National Eating Disorder Awareness Week: Social Media and Society's Unattainable Standards

It’s not a surprise that social media has impacted the way we feel and think about ourselves.  Studies have found that there is a direct correlation between the amount of time spent on social media, and body dissatisfaction.  A Time magazine article even refers to social media as a toxic mirror, one where it’s impossible to be satisfied with the way you look.

Everyone knows that images of models are typically photoshopped, and not an accurate representation of what an average woman looks like.  However, with billions of images uploaded monthly to photo-sharing sites like Facebook and Instagram, the line between what’s real and what’s fake is getting harder to find.  This is especially true when it comes to our peer’s photos.  Apps like Facetune and Perfect 360 can completely change someone’s appearance. We now have the ability to make alterations to our body at the press of a button, and then share this filtered image to hundreds of followers.  We surveyed women ages 18-26 about their experience using photo editing apps, and their thoughts on society’s beauty standards. Here are the results.  

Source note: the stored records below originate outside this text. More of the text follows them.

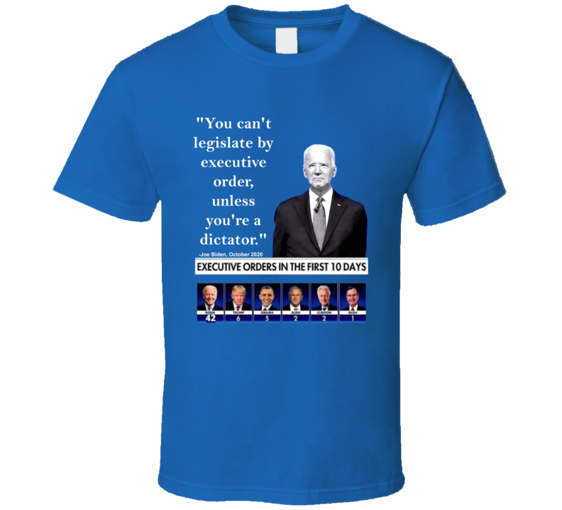 You will be sure to enjoy this You Can't Legislate By Executive Order Joe Biden Quote T Shirt which is available on a Royal Blue 100% Cotton Tee. The You Can't Legislate By Executive Order Joe Biden Quote T Shirt is available in youth, kids and adult sizes which you can select from the shirt size drop down below. T-Shirt is shipped out via USPS first class mail with tracking number.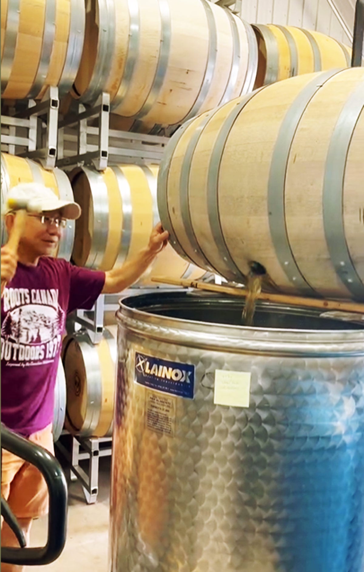 We batch distill our Brandy, Rum and Whisky with great care to our own original recipes. These distillations are then aged on site in Canadian Oak barrels.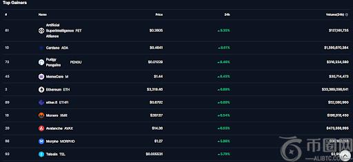 今日加密货币涨幅榜:FET联盟领涨,涨幅达9.35%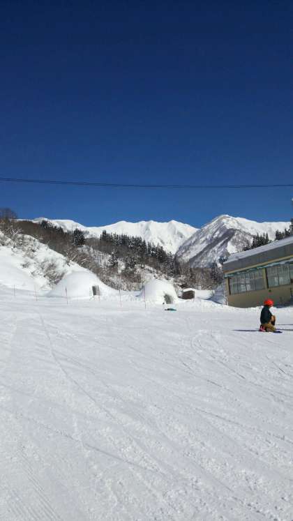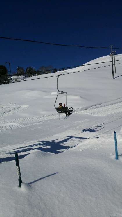 上級コ—スから徐々にリフトに乗って山頂へ向かいます。今日の冬山の姿は素晴らしいです。現地の方も絶賛。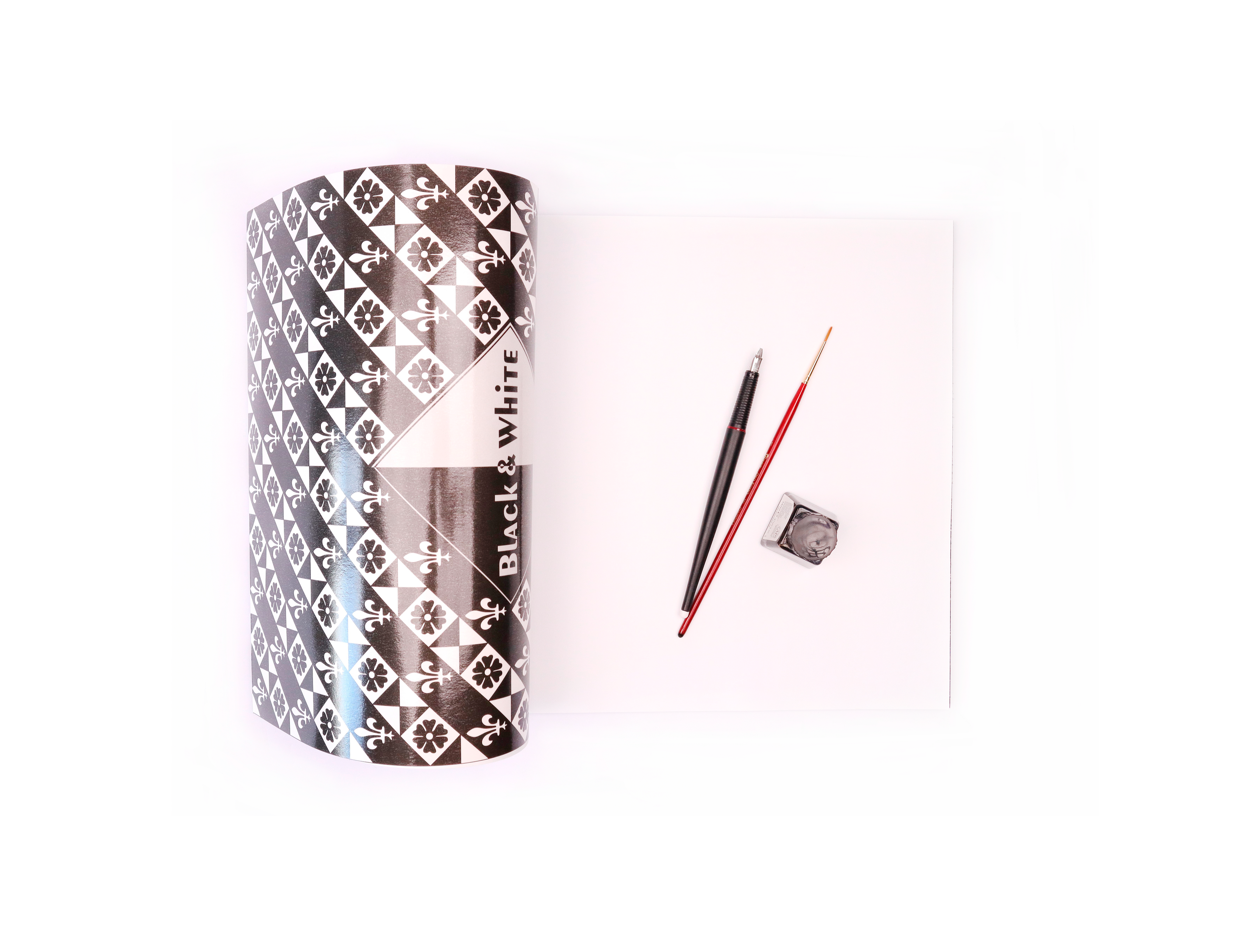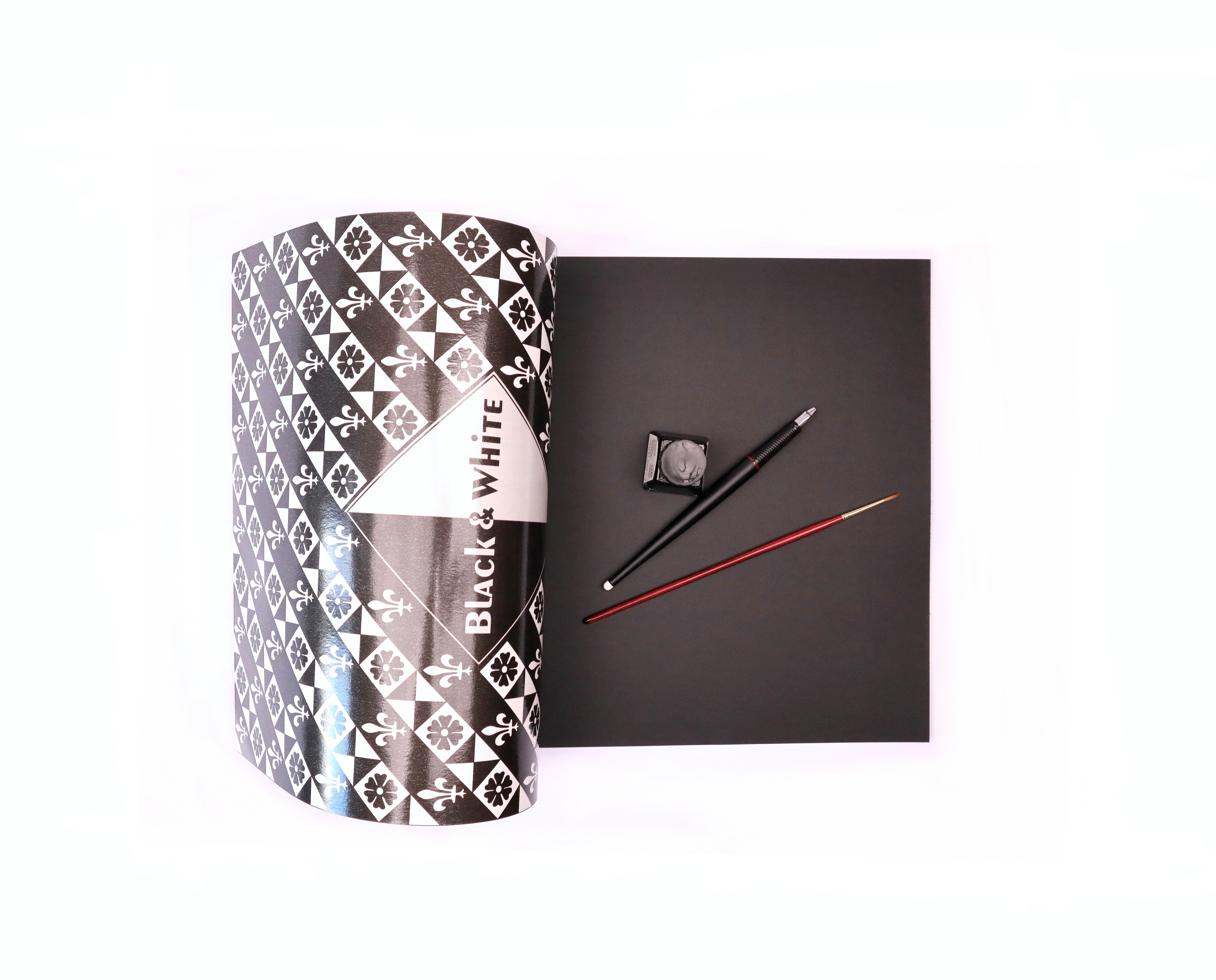 Планшет для эскизов и зарисовок из 15 листов черной и 15 листов белой бумаги.
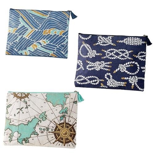 - Jute carry-all case features all-over nautical print with subtle metallic gold detail and tasseled zipper pull.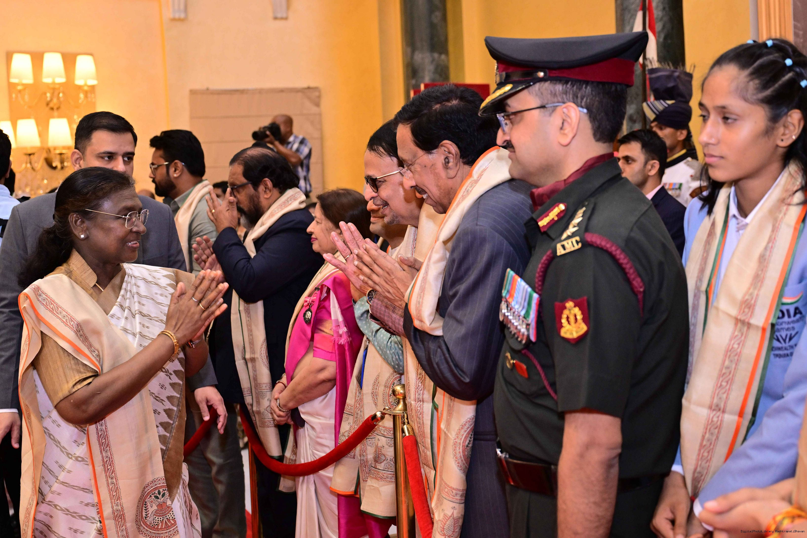 The President of India, Smt Droupadi Murmu hosting 'At Home' Reception on the occasion of 72nd Independence Day, at Rashtrapati Bhavan Cultural Centre on August 15, 2025.

  • 57.5% of participants said they use photo editing apps to alter their appearance.  
  • 20% said they edit blemishes
  • 8% said they edit their weight
  • 66% post these edited photos on social media
  • 74% say editing photos makes them feel better about themselves, while 66% say they did it because they care about what other people think of them.  
  • 25% say they do it to conform to society’s standards of beauty.  

Below are participant’s definitions of beauty.  For privacy purposes, the participants of the study will remain anonymous.

“You need to be skinny, but thick in all the right places (lips, hips, butt, boobs) which is nearly impossible when you're trying to get a slim figure. Society's beauty standards match what celebrity/model's Instagram pictures look like. AKA UNATTAINABLE

"It sounds super cliche, but it’s so true that people feel the need to make a picture perfect life on Instagram and social media. Even though I don’t edit every picture and I only do it when I really personally feel self conscious about something, I always deep down feel a little sad. I think beauty standards have gone from being the prettiest and the skinniest to who can project the more perfect life to the world (if that makes sense). Are you posting pictures enough pictures of you going out so you seem fun? Are you pictures artsy enough so that people think you’re cool? I feel like beauty standards have gone much farther than just surface level, especially on social media, people are now judging you on your personality/lifestyle based on how your photos are edited and what you’re posting about/how often."

"We’re sort of constantly in a chokehold: knowing that we shouldn’t need the approval of others, but still hungering for it anyway. For some reason, looking the best we can also translates to—or creates the façade that we are—feeling the best we can. But humans are more complicated than that; how we physically feel couldn’t possibly automatically add up to how we emotionally feel as well. These are things than need to be built up over time, and with today’s standards, it’s all too easy to be torn down."

"Unrealistic and unattainable. As a society we’ve moved so far from real beauty and appreciating our bodies for what they are."